The One Simple Change That Flips Everything
If you disregard all the rest of the advice, stick with this one from the study of behavior. Make the question more about what can I do to make saving easy rather than how much can I save? All savers work their way through this. They opened up auto-drafts. They have separate accounts which are difficult to access. They establish visual markers which help to easily see progress. They no longer need to use willpower because willpower is finite, it’s only good for a day. Those who do not succeed with their saving challenge are not a lazy and irresponsible bunch. They’re just doing what they have to do and it is something they can’t do by will alone. What makes the people who achieve success, successful, is they have created their environment in a way that saves are occurring naturally without having to be worked for. They’ve taken away the option of choice. The actual takeaway from behavioral research is that is the way it is. Don’t attempt to be someone different. Simply create another system of your cash.
Conclusion
The most common reason that savings challenges are unsuccessful is that they are based on fighting the person. They will make us feel bad about ourselves when we’re not. They make seemingly tiny requests of our willpower and expectation. They obscure our achievements when we can’t see them. They portray saving as being a substitute for the negative act of abstinence. They also have artificially built ends and therefore never develop actual habits. Fortunately, the issues of behavior have been addressed in the past by behavioral research.
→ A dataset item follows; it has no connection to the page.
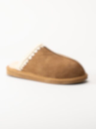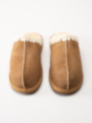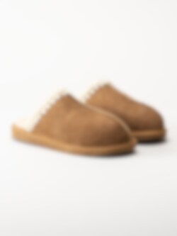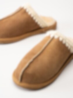 Ljusbruna fårskinnsfodrade tofflor från Shepherd. Tillverkade i mocka med foder och innersula i fårskinn. Yttersula i syntet.

The tools that really work are those of automation, visibility, forgiveness, emotional goals and immediate rewards. It doesn’t have to be someone who has a lot of self-control. It doesn’t have to be someone with a lot of self-control, a superhero or anything. All you need to do is create a system where saving the default option. The next time you think, “What should I do for 30 days, so that’s it,” you should instead ask, ‘What can I do for the rest of my life, but at the same time, what could I do for the first time that will not require any willpower from me the next day, in a week, in a month, in two months, or a year?’,It’s not the challenge that’s going to save you more money, it’s the question.